Os funcionários da empresa também fazem acusações. “Parece que não tem nada acontecendo em volta, parece que não tem dívida, parece que não tem processos trabalhistas e continua normal, como se nada tivesse acontecendo”, diz um ex-funcionário.

Além da falta de pagamento, eles acusam Priscila de não dar condições mínimas de trabalho. Uma imagem exibida na reportagem mostra funcionários comendo no chão.

“Isso era super comum. Acontecia todos os dias. Muitos funcionários, A gente dividia o horário de almoço em três períodos para todo mundo conseguir sentar no chão”, contou um ex-funcionário, que disse também que os salários chegavam a atrasar por cinco meses.

Em uma entrevista, Priscila se gaba pelos 146 funcionários da empresa, no Rio e no Espírito Santo. No entanto, os comentários são nada favoráveis.

“Ser empresária de sucesso devendo aos funcionários é fácil”, diz um deles.146 funcionários no Rio e no Espírito Santo em uma entrevista. 
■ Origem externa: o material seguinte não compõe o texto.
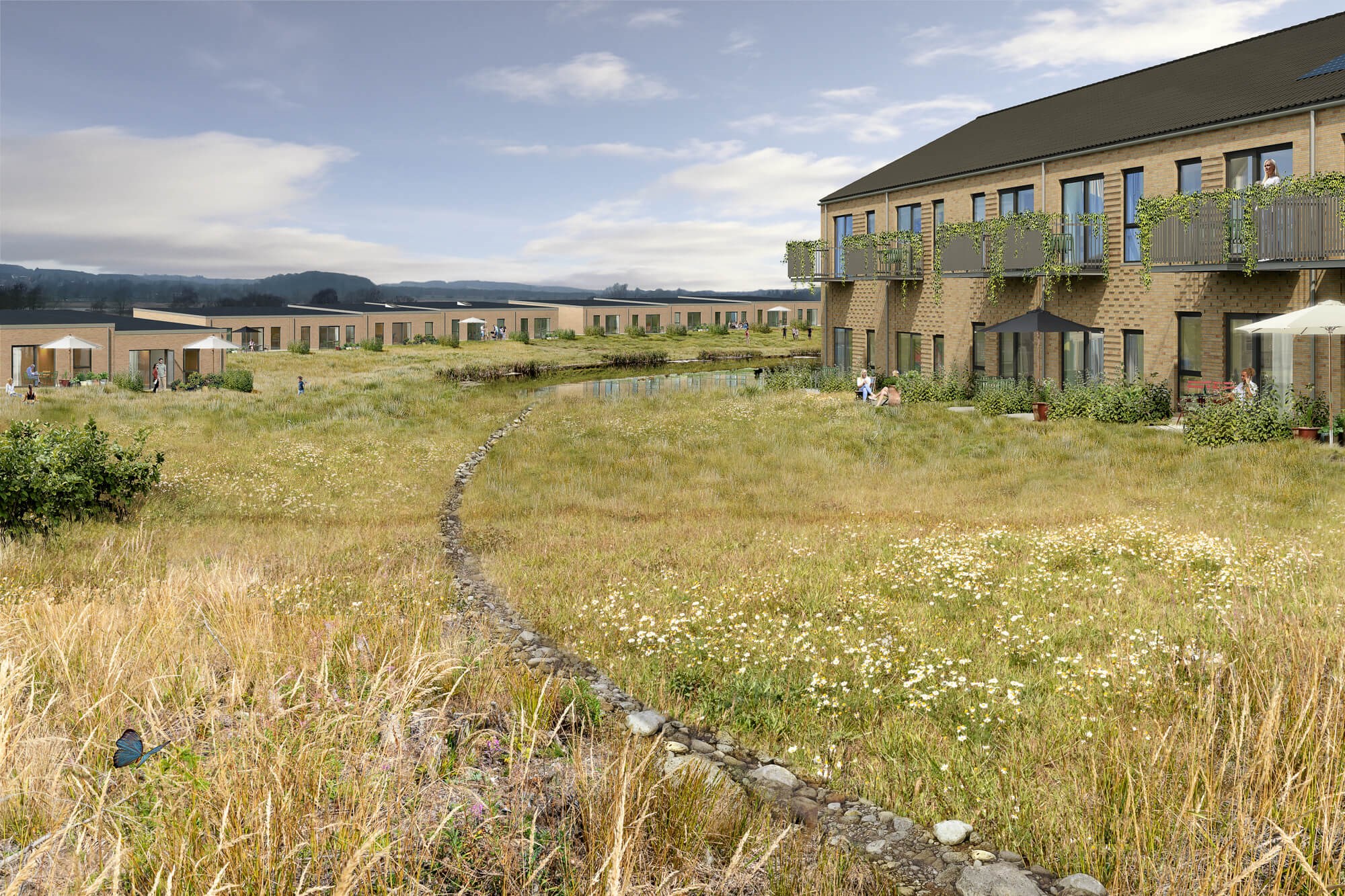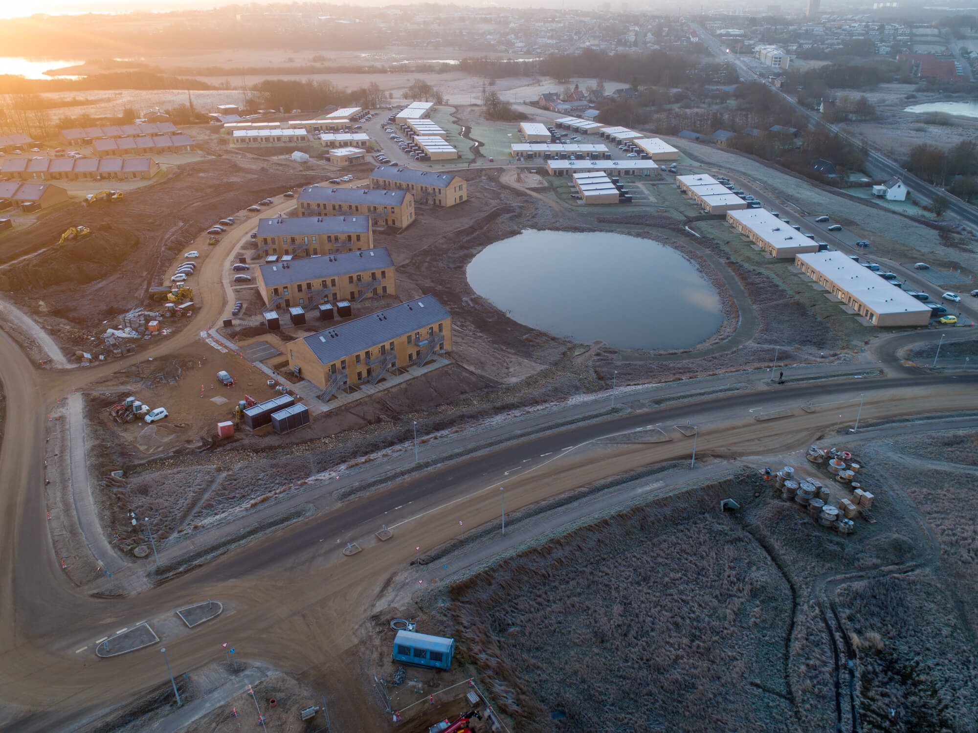 Naturbyen Nørrestrand i Horsens er en helt ny type bydel – en naturby. Her indtænkes den vilde, omkringliggende natur i byggeriet, som trækkes ind mellem boligerne i form af synlig regnvandshåndtering og grønne engarealer.

Em nota, a Rebocar disse que “está trabalhando junto ao Detro para que sejam solucionadas todas as pendências decorrentes de conflitos contratuais, administrativos ou judiciais, e que aguarda a relação do Detro nos próximos dias para começar a liberar os veículos que estão no pátio. A empresa reafirma o compromisso em solucionar todas as questões no menor tempo possível”.